Chapter 7. Winner-take-all cities

Richard Florida
University Professor at the University of Toronto’s School of Cities and Rotman School of Management

The shift from the industrial to the post-industrial knowledge economy has not only caused growing economic inequality and new class divide, but growing spatial inequality and the rise of regional winners and losers, of which the populist backlash across the world is a consequence. Coping with this will require developing policies that can deal with spatial inequality, and even more so, devolving political, economic and fiscal power to cities and communities who can best deal with local problems.

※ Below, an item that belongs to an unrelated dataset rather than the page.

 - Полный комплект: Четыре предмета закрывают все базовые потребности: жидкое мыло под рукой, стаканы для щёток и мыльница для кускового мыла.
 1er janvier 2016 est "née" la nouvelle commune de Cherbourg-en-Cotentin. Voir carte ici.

While much has been made, and is being made, of economic inequality, the biggest single problem facing the world today is spatial inequality – the growing divide between large and small cities and between cities, suburban and rural areas (Piketty, 2014[320]). These spatial divides define a set of geographic winners and losers which vary greatly in terms of productivity, innovation and living standards, and which also underpin the growing politics of anger and division which have fomented the rise of populism across the advanced nations of Europe, Canada and the United States, and across parts of Asia, Latin America and the developing world as well. Our cities remain key to innovation and economic progress, as well as being our truest beacons of equity and inclusion, and social progress.

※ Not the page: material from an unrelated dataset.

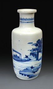 Lot Description:A Blue And White Rouleau Vase Qing Dynasty, Kangxi Period

Many have written about the winner-take-all economy of economic winners and losers that define our age (Frank and Cook, 1996[321]) (Rosen, 1981[322]). But, our time is also defined by what I dub “winner-take-all urbanism”1 or “winner-take-all cities” (see Florida, 2017 ([323])). Increasingly, across the globe, a small group of winner cities concentrate a disproportionate share of the world’s talent, knowledge, innovation and other economic assets, while a much larger group of smaller and medium-sized cities, and suburban and rural areas fall further behind forming a much bigger pool of losers.

Many have outlined the transition from the rigid industrial economy to the flexible, post-industrial knowledge economy (Bell, 1996[324]) (Inglehart, 1971[295]). The knowledge revolution is also an urban revolution. The basic engine of the new economy is no longer the corporation, but the city. Place – or the clustering of knowledge, ideas, talent and economic assets in place – has become the basic platform for growth and prosperity. A hundred years ago the majority of workers worked on farms; 50 years ago more than half of workers were employed in industry; now the great bulk of workers are employed in service, knowledge and creative industries, which are clustered in cities (Florida, 2012[326]).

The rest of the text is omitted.